## PROBLEM REQUIREMENTS
Given these entries, repeat exactly the lines starting with the one that has "安徽省卫生厅主编,安徽人民出版社 1958 年" and going on through the one that has "Im Lernmodul können", both included, but none of the pictures.

## DATA SUPPLIED
▼

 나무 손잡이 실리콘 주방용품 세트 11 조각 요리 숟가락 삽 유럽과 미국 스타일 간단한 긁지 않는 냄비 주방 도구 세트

▲
▼

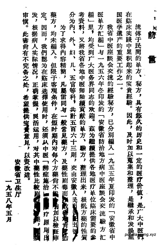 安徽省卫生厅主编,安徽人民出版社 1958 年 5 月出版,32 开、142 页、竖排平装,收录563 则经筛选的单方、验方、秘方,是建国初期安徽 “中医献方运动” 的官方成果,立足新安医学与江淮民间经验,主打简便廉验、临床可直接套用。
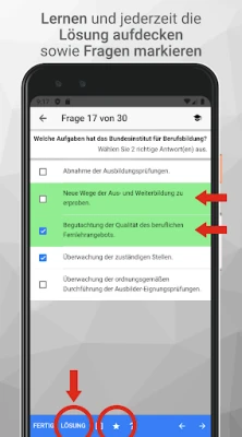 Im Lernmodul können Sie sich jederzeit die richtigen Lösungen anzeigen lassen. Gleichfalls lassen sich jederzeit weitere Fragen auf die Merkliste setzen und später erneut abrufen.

▲
▼

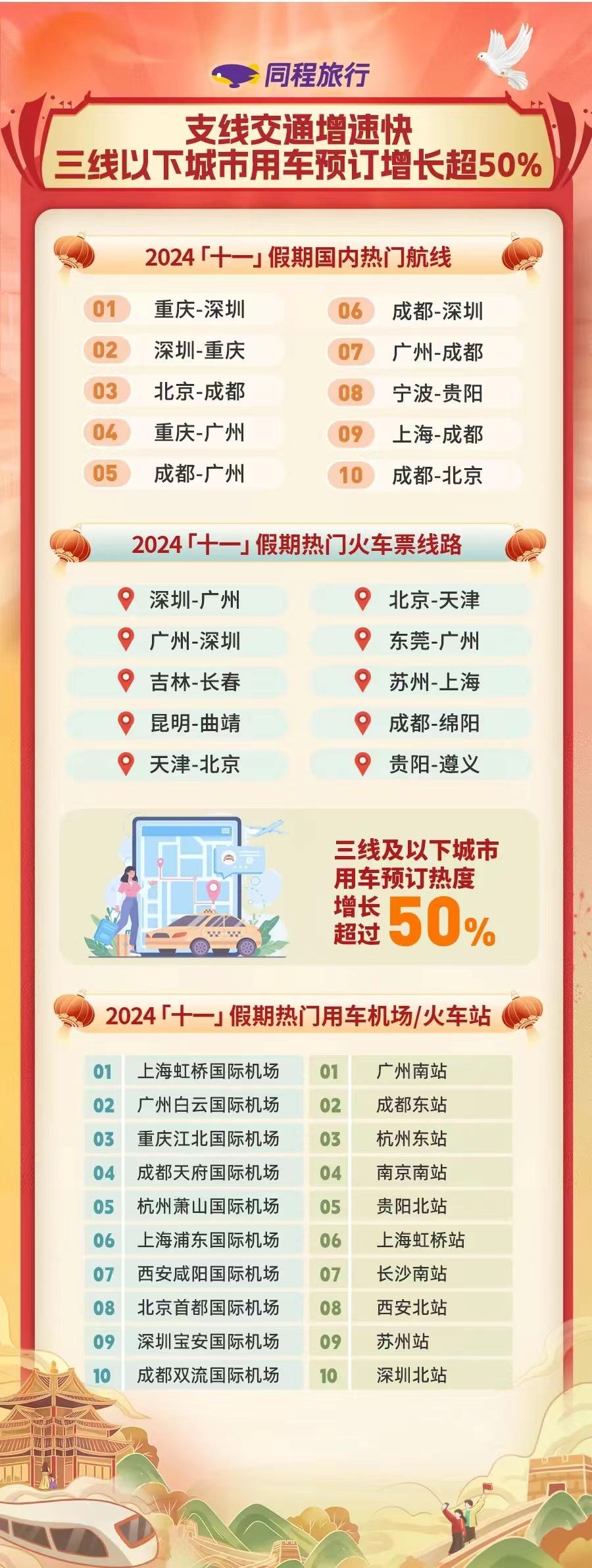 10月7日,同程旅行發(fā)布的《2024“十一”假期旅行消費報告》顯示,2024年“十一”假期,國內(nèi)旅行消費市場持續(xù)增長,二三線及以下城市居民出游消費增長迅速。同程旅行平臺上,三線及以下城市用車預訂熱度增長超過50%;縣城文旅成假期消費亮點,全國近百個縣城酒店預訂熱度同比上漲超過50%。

▲

## EXERCISE SOLUTION
 安徽省卫生厅主编,安徽人民出版社 1958 年 5 月出版,32 开、142 页、竖排平装,收录563 则经筛选的单方、验方、秘方,是建国初期安徽 “中医献方运动” 的官方成果,立足新安医学与江淮民间经验,主打简便廉验、临床可直接套用。
 Im Lernmodul können Sie sich jederzeit die richtigen Lösungen anzeigen lassen. Gleichfalls lassen sich jederzeit weitere Fragen auf die Merkliste setzen und später erneut abrufen.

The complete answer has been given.